The Cost of Redundancy
Expensive resources spent on computer grids are often wasted. An example from the financial industry teaches how repeated and redundant calculations can eat up all the computing power. Theta Proxy, a simple and yet generic solution, has the potential to save millions in server costs.
Nowadays much of the computation time is invested in recurring or similar tasks. May it be the reload button that you press twice just to make sure everything is loaded correctly. Or, may it be your reboot cycle that repeats day by day with exactly the same result. Whatever it is that your computer keeps you wait for, the task has probably been solved before. Why is it that computers redo things rather than remembering and updating previous results?
Imagine for a moment that you came home from your shopping tour and realized that you forgot to take one bag of milk. Would you go again and just take the milk, or would throw away all your shoppings and start again? If you happen to have a preference for the first solution, then you are probably not a programmer. Programmers, it seems, have a strong preference for the second choice.
In the early days of computer programming serious efforts have been spent on making computations fast and efficient. Standard algorithms were developed to perform common tasks from linear algebra, data analysis, the Fourier transformation and routings in various graph structures. These efforts have peaked in the 70′s. Even today many of the most efficient programs are written in Fortran 77, a language that was designed in 1977. Although new computer languages are permanently in the hype, the desire for fast algorithms is clearly in decay.
What does it take to make programs efficient?
First of all, the price for making algorithms fast is immense. While the task might be simple, efficiency is hard to achieve. Efficient algorithms have to keep track of intermediate results, predict whether they will be needed later and restore them when possible. Apparently, today’s programmers are too lazy to care. Just recompute everything and they are done.
The biggest efforts in the fight against redundant computation is currently concentrated on compiler optimization. Today’s compilers can detect algorithmic redundancies and provide a fix where coders were sloppy. In fact, they do an impressive job when it comes to the simplification of terms like f(a,b) * f(a,b). As long as the subterms f(a,b) occur within the same piece of code compilers can detect the duplicate requests and evaluate only once. However, as soon as this subterm repeats on a larger scope compilers would lack the creativity to store the result in a save place and retrieve it as needed.

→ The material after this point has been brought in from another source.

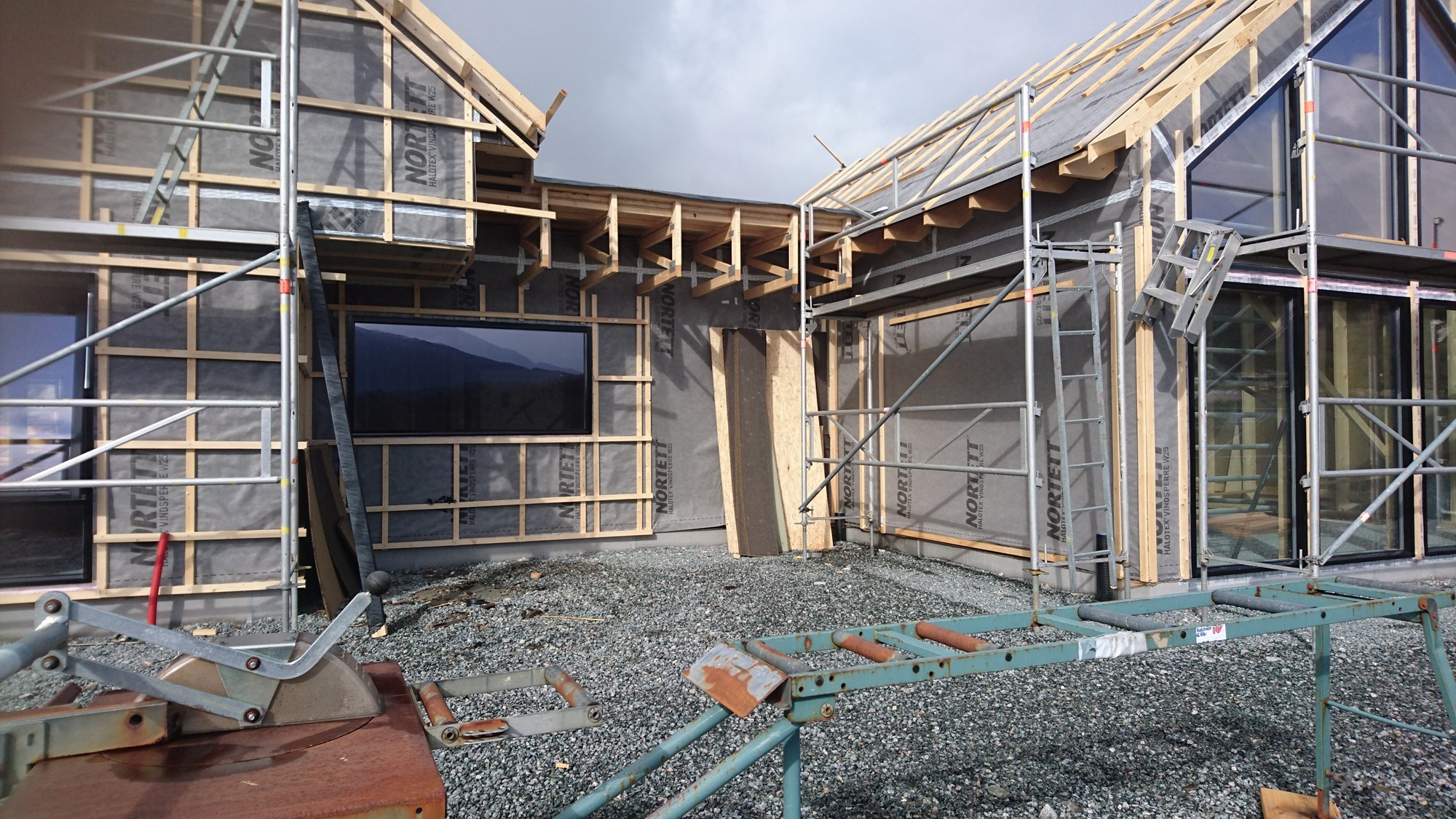 Da har vi vært å fått sett hvordan huset ser ut med vinduene montert. Mangler skyvedørene, så følte stua såg litt tunell-aktig ut. Men, tror det blir bra.

There was one place where the costs of redundant computation could no longer be ignored: the internet. Since browsing the web became common place web servers are busy delivering more or less the same few pages to millions of visitors. To bring this problem down to a bearable level web proxies were put into place. Their task is simple: keeping track of what users want, predicting what they will reuse and balance the cost of storage against the probability of reuse.

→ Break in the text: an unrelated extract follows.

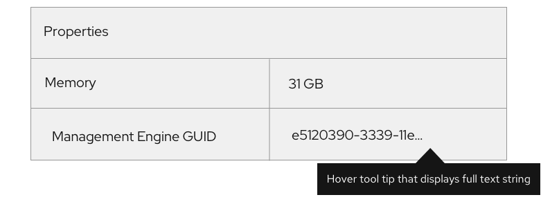 - Always include hover tooltip to display the entire string to the user.
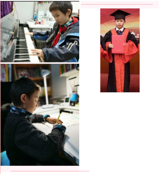 他兴趣广泛,喜欢钢琴演奏,荣获2020 SAE全国青少年钢琴大赛暨德国莱茵古典国际钢琴比赛江苏省赛区二等奖,亚太区决赛三等奖,在“苏鄂红领巾手拉手”活动中,通过网络直播,在线钢琴演奏《菊次郎的夏天》,用音乐陪伴疫区的小伙伴,用音乐传递爱。

Aren’t there more places where proxies can cut the redundancy in computation?
The answer is yes. The Thetaris company pulls the boundary one step further. Rather than just storing the results of individual requests, the Theta Proxy software utilizes machine learning techniques to predict the results of similar requests. What sounds scary at first has a very practical application that pays off in its most literal sense.
Financial institutions have an insatiable appetite for huge computation clusters. All this computation power is spent on reevaluating the institution’s assets under certain hypothetical market conditions. Again, most of that power is wasted in redundancy.
As it turns out financial valuation formulas are one of the easiest things to learn. Why? The answer lies in the mathematical foundation of the financial formulas. They are based on the solution of so called drift-diffusion equations. That means that their results are either trivial to compute or smooth. Hence, their solutions depend do not jump unexpectedly when input parameters have small approximation errors. This is an ideal playing field for the machine learning algorithm underlying the Theta Proxy.
A typical application for banks is written in the requirements of the Basel II directive. This directive demands banks to evaluate around 300000 potential scenarios for one typical investment type. With a single evaluation taking up to several seconds the potential for improvement is enormous.
Theta Proxy XL is a simple Excel plugin that accelerates the computational cost of Excel functions by a factor of up to 1000. What comes even more at a surprise using the plugin is essentially trivial: select the cell that computes slowly and press the training button. After training is finished the sheet recalculates in a fraction of its original time.
“The efficiency of this simple plugin is astonishing”, says Mauricio I. González Evans, a global solution provider for the financial industry, “With only a few clicks my desktop turned into a high performance wonder machine.”
What is coming next?
It is evident, that shorter innovation cycles and increased specialization in the software business has led to less efficient code. There simply is not enough time to develop efficient algorithms and when time is not the limiting factor the error rate is. Efficient code is always harder to debug and harder to verify.
Therefore we are only left with one choice: to come up with generic and widely applicable solutions that cut redundancies in a semi-automatic fashion. With the success stories from Thetaris speak for themselvels.. Certainly there are more industrial applications that can be found for Theta Proxy, the machine learning redundancy cutter.